Extending cuik-molmaker to reactions (cuik-reactmaker)#4
Conversation
Implements C++ CGR (Condensed Graph of Reaction) featurization to accelerate chemprop reaction property prediction (~9x over Python path). New C++ code: - src/reaction_features.cpp: batch_reaction_featurizer supporting all 6 RxnModes (REAC_DIFF, REAC_PROD, PROD_DIFF and BALANCE variants) and all 4 atom featurizer modes (V1, V2, ORGANIC, RIGR). Uses O(bonds) hash-map bond enumeration instead of O(n^2) atom-pair scan. - src/features.h: ReactionMode enum, reaction_mode_names_to_array, and parse_reaction declarations; get_atomic_num_onehot_index helper for num_only representation of unmatched atoms - src/one_hot.cpp/h: get_atomic_num_onehot_index for num_only encoding - src/cuik_molmaker_cpp.cpp: exports reaction_mode_names_to_array and batch_reaction_featurizer to Python - CMakeLists.txt: add reaction_features.cpp to cuik_molmaker_core sources Test fixtures: - tests/data/sample_rxns_100.csv: 100 balanced reactions (50 E2 + 50 SN2) plus 10 hand-crafted unbalanced reactions covering num_only and BALANCE mode edge cases. Verified against chemprop CondensedGraphOfReactionFeaturizer across all 6 modes with max_diff=0.
test_reaction_features.py: parametrized over all 4 atom featurizer versions (V1, V2, ORGANIC, RIGR) × all 6 reaction modes (REAC_DIFF, REAC_PROD, PROD_DIFF and BALANCE variants) = 24 test cases. RIGR uses reduced bond features (["is-null", "in-ring"], bond_fdim=2 per side = 4 total) unlike V1/V2/ORGANIC which use 5 bond features (bond_fdim=14 per side = 28 total). Golden .xz files generated from C++ batch_reaction_featurizer output after verifying agreement with chemprop CondensedGraphOfReactionFeaturizer (max_diff=0 on E2/SN2 data across all 6 modes).
|
Hi @sveccham , just a friendly ping on the PR whenever you have a chance. I'd appreciate any feedback/comments before it is ready to merge. |
|
Hi @akshatzalte, Thank you for your patience. I will have a look at this PR in the next few days. We are currently working on releasing |
sveccham
left a comment
There was a problem hiding this comment.
Hi @akshatzalte,
Thanks again for the PR. Very neat idea using a hashmap to reduce the problem complexity. This is also a very good use case for moving to C++.

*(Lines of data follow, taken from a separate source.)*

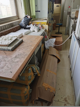 2)通风橱内放置物品过多,挡风玻璃没有拉下(杂物已清理,通风橱挡风玻璃已经拉下);
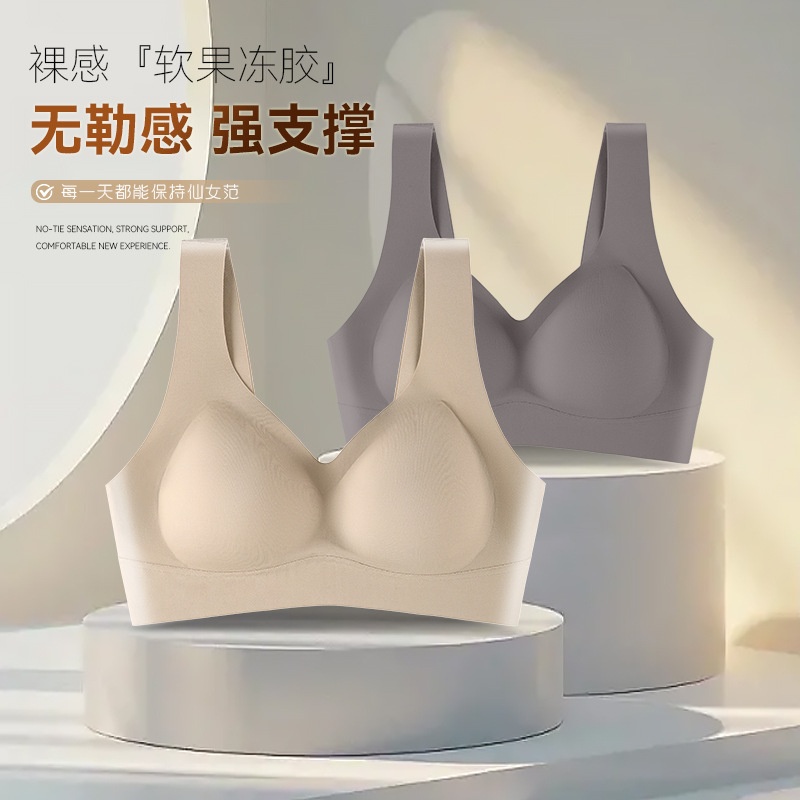 ゼリーの柔らかいサポートの下着の女性の小胸は無鋼の輪の運動の美背の無痕の快適な文のブラジャーの夏の薄い金を集めます。
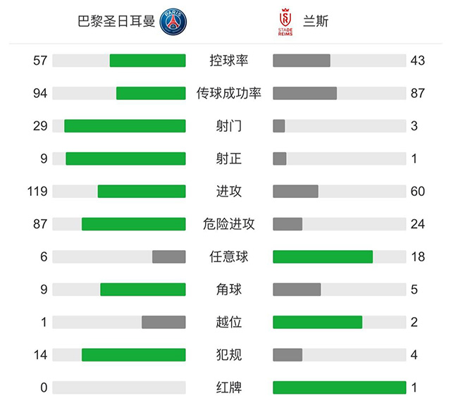 全场比赛结束,巴黎圣日耳曼4-0兰斯。
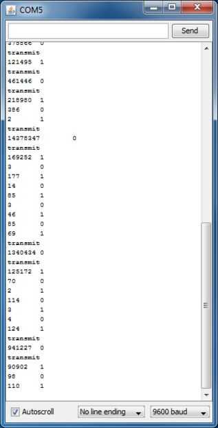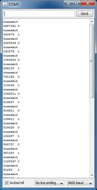 Eso es lo que estás viendo aparecer en pantalla. Cada vez que la línea de "transmitir" aparece, es el comienzo de un nuevo volcado de datos de la placa. En general, para cada borde ascendente y descendente, la Junta encuentra tiempo para transmitir entre interrupciones, pero que no está garantizada.
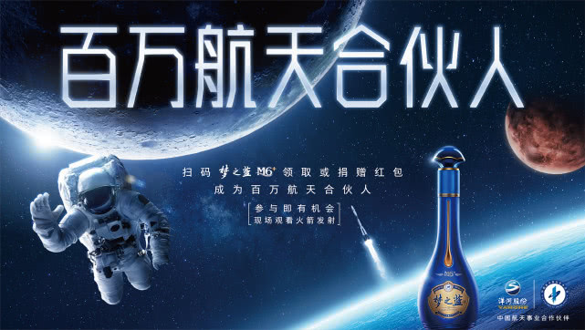 引人关注的是,梦之蓝公益发起的百万航天合伙人计划实现了从增强传播到融合消费场景的转变,让每一瓶梦之蓝M6+都连着消费者的航天梦,让每个消费者都能以合伙人的身份深度参与其中,这无疑是一种全新的航天公益场景构建。
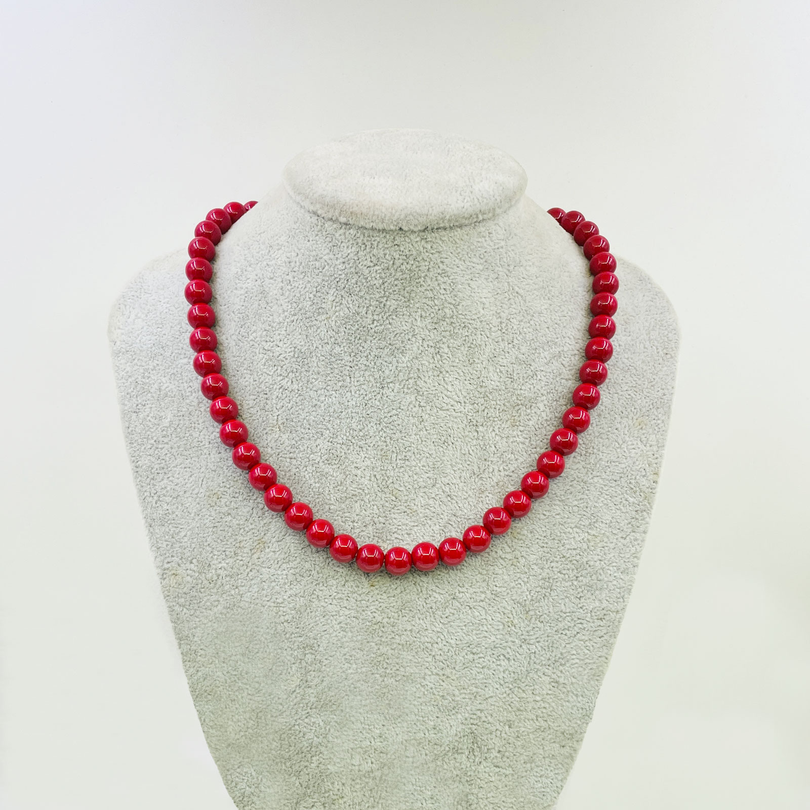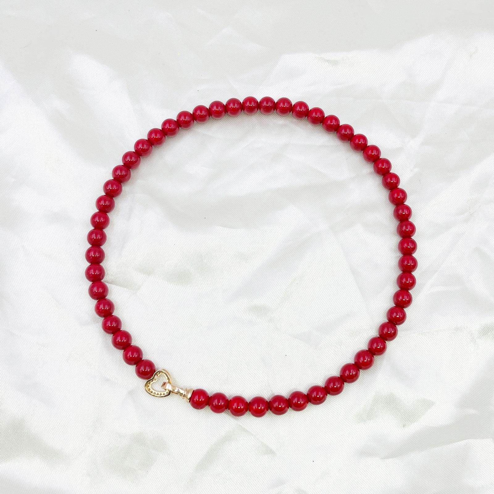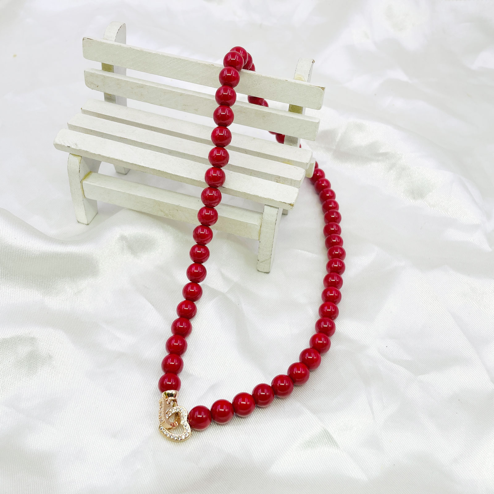 6 8 10 12mm圆珠大红色不掉皮施家珍珠项链 心形搭扣特色项饰女
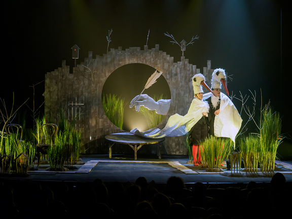 История загадочной дочери болотного царя будет рождаться прямо на глазах у зрителей из обрывков звуков, из-под пера самого автора, который будет фигурировать в спектакле в качестве действующего лица. Его помощниками-повествователями станут аисты, оказавшиеся не просто свидетелями удивительных событий, но и их непосредственными участниками.
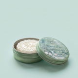 The elegant embossed bar (approx. 1.5 oz / 42 g net weight) comes nestled in a reusable green tin with a lovely ocean-themed lid — perfect for travel, gym bags, or keeping on your bathroom counter.
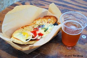 This is a Boise Cheese Steak from Saint Lawrence Gridiron, the red food truck in the opening photo. Different. Not a Philly cheese steak by any stretch of the imagination. “Where’s the beef?”, to coin a phrase. And I have no clue as to what that sauce was. The beer is a Payette Brewery IPA. Very good.
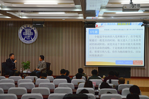 本次比赛共分为三个部分,主题演讲、案例分析、谈心谈话与情境再现。在主题演讲环节,参赛选手结合对职业的理解、专业特长,并与实际工作相联系,从独特的视角介绍自己并展示工作特色。案例分析针对现场随机抽取的案例题目进行分析,给出自己的解决办法以及从中得到的启示。案例内容涉及学生工作方方面面,诸如学生的学业问题、学生就业问题、学生心理问题等。各位参赛辅导员坚持解决思想问题与解决实际问题相结合,坚持教育学生与服务学生相结合,联系自己的工作经验,做出了精彩的分析和解答。谈心谈话环节,参赛选手们在规定的时间内,对学生遇到的各种问题进行现场处理。题目涵盖新生学业规划、家庭经济困难学生辅导、情感问题指导、宿舍关系协调、安全教育和突发事件处理等多方面工作,与学生日常学习和生活密切相关,题目设定紧扣当前热点话题。
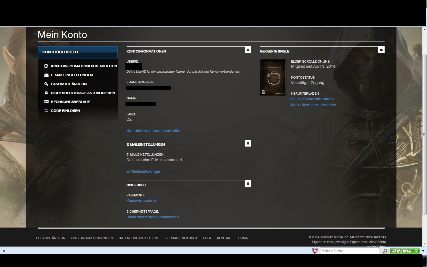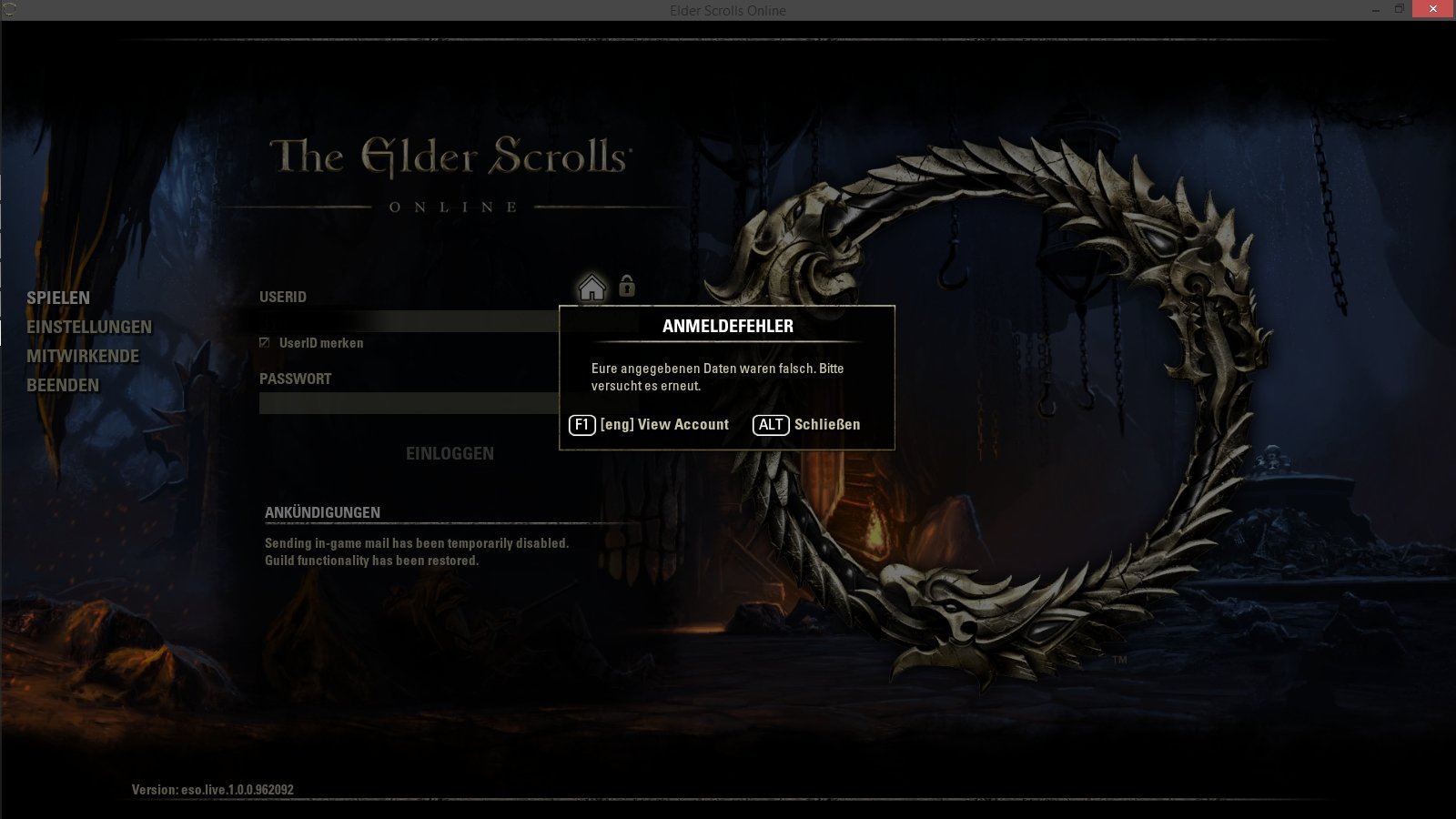 Anmeldedaten falsch --> in mein Profil elderscrollsonline komme ich aber
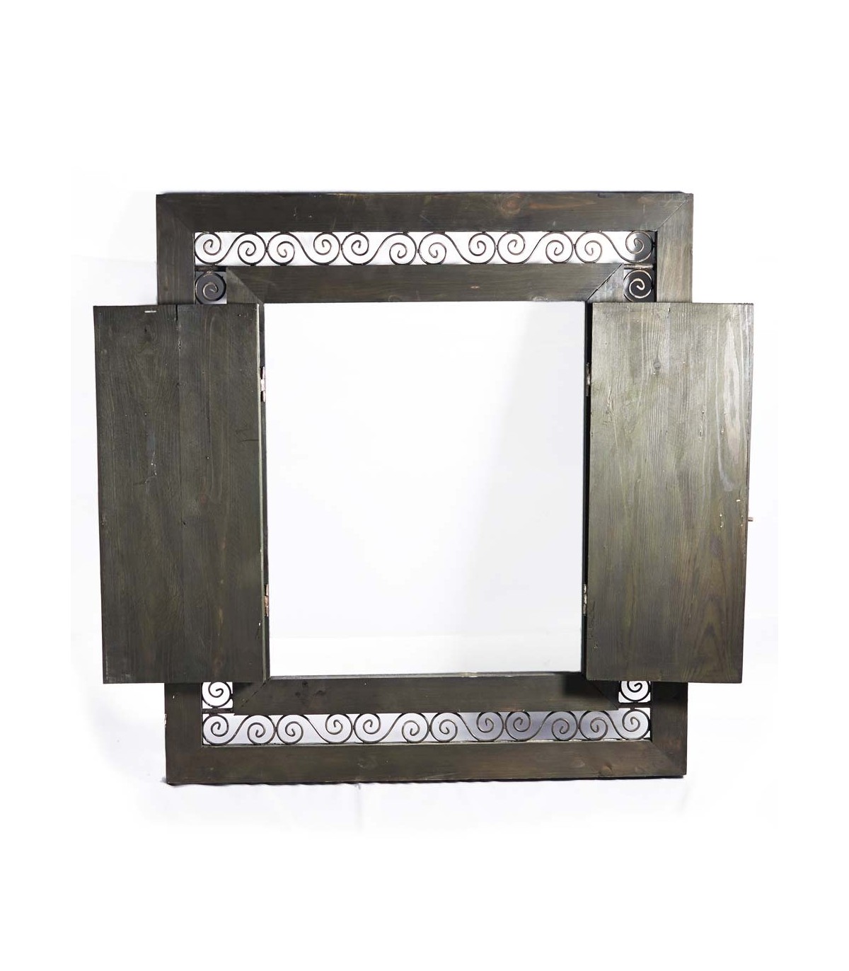 Ventana de madera decorada con celosía geométrica y floral inspirada en la Alhambra.
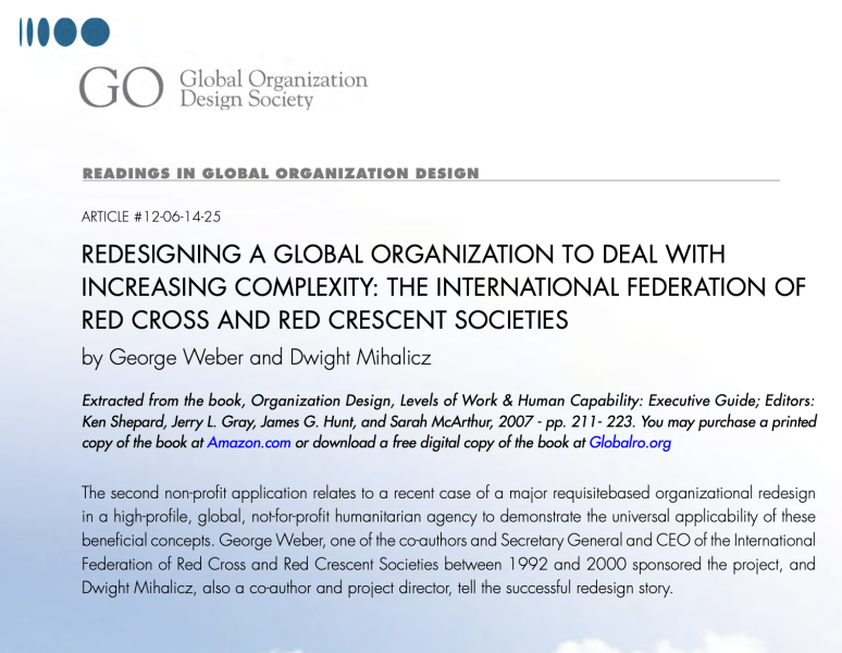 The second non-profit application relates to a recent case of a major requisitebased organizational redesign in a high-profile, global, not-for-profit humanitarian agency to demonstrate the universal applicability of these beneficial concepts. George Weber, one of the co-authors and Secretary General and CEO of the International Federation of Red Cross and Red Crescent Societies between 1992 and 2000 sponsored the project, and Dwight Mihalicz, also a co-author and project director, tell the successful redesign story.

I had a high level look at the PR and left a couple of initial comments. I had one question about the overall design. The CGR bond lookup is constructed once for each reaction in a batch. Would it be more computationally efficient to construct it for the entire batch (with appropriate atom and bond offsets) at once and exploit the O(1) lookup?
| offset_carbon, | ||
| ReactionMode(mode_int)); | ||
| }, | ||
| "Featurize a batch of reactions (CGR) and return 5 NumPy arrays."); |
There was a problem hiding this comment.
List what the 5 numpy arrays are briefly.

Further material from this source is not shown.